I guess it’s because I didn’t know they had manti (really, there shouldn’t be a dot on that ‘i’, and it’s pronounced “man-tuh”). Those are the dainty little Turkish meat dumplings that are drowned in garlicky yogurt. Their daintiness is testament to the legions of limber-fingered kitchen slaves, I mean loving Turkish wives and grandmothers, who are dedicated to churning them out by the thousands. They’re so tiny it’s almost like eating breakfast cereal when you scoop them up with a spoon.

So the dumplings were divine; we also had very tender and tasty baby okra, a delectable Argentine-style empanada with that nice sweet/meaty filling, tasty cold lentil patties wrapped up in lettuce, and artichoke hearts served with fava bean paste molded into pretty shapes. That latter thing even somehow made Egyptian-style fava bean paste (bisara) a bit more appealing.

And we had some nice warming gluhwein to start, and a really yummy, fluffy almond cake for dessert.
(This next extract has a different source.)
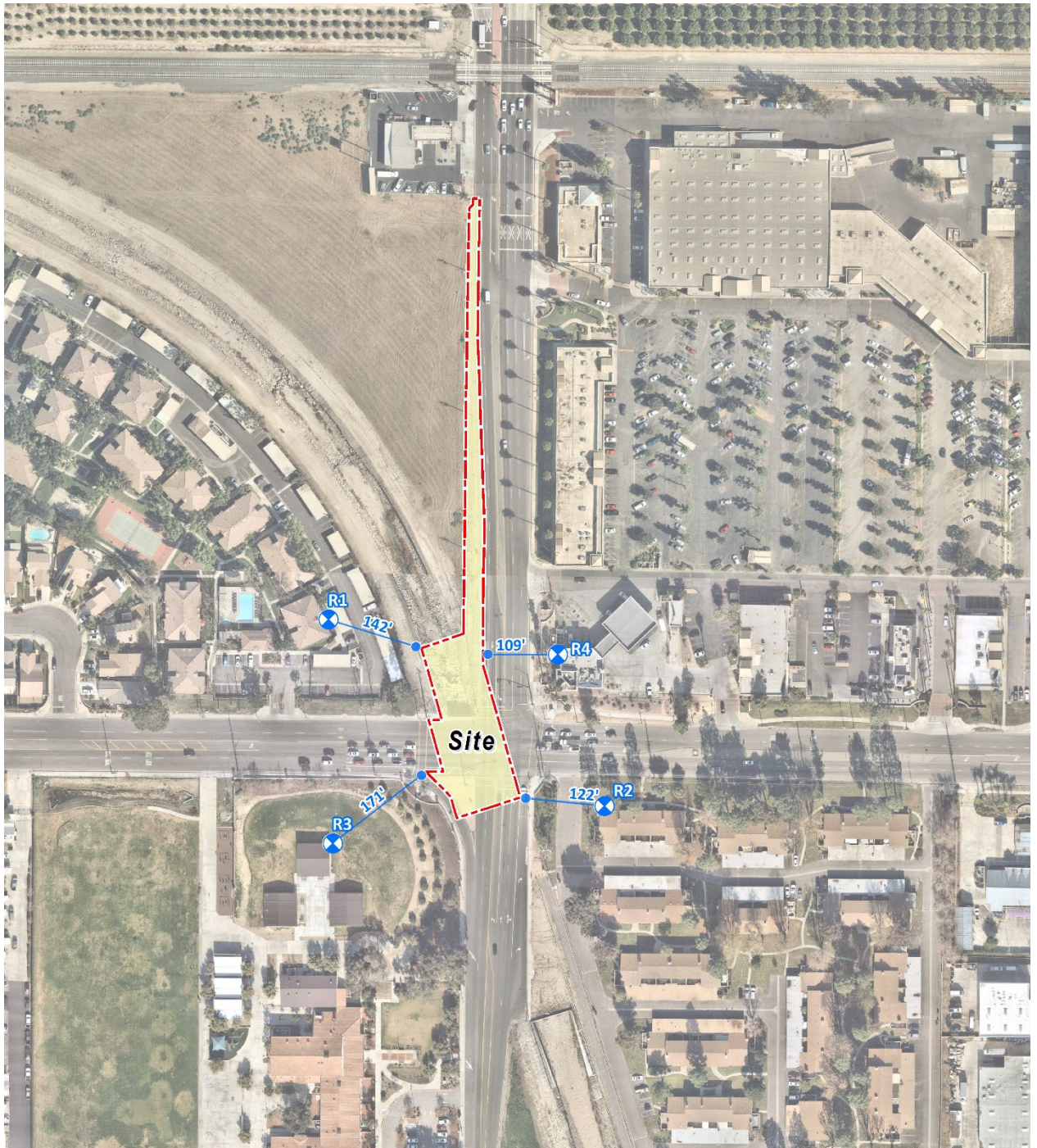
EXHIBIT 2: SENSITIVE RECEPTOR LOCATIONS

And it was reasonably priced.

And I haven’t even gotten to the vibe and general decor, which is really a treat. Astoria generally suffers from the faux-bistro phenomenon. These are the restaurants that cater to diners looking for a “non-ethnic” experience, but they’re only eerie not-quite-right imitations of places that are a dime a dozen in Manhattan. Crappy fonts on the menus, overly decorative plates, gum-chewing waitstaf and a clientele made up largely of real-estate agents and their girlfriends–these are the giveaways of the faux-bistro. But I can’t complain too much because I’m generally happy that Astoria isn’t overrun with yuppies and hipsters.

Which is what makes Mundo so nice–it’s a hipster place without the hipsters, and it doesn’t seem to be trying too hard. Someone’s photos are hung on the wall from coathangers. Tiny disco balls and miniature shoes dangle from the ceiling. The music is global electronica. And the owners are a young Turk and an Argentine, both of which delight me because (1) fanatical Greek Astoria needs more Turks, who, frankly, cook better food, and (2) Argentines are the newest arrivals in the neighborhood, and they seem like the youngest and coolest, but I haven’t really known where they hung out except for that bar Ize on 36th Ave.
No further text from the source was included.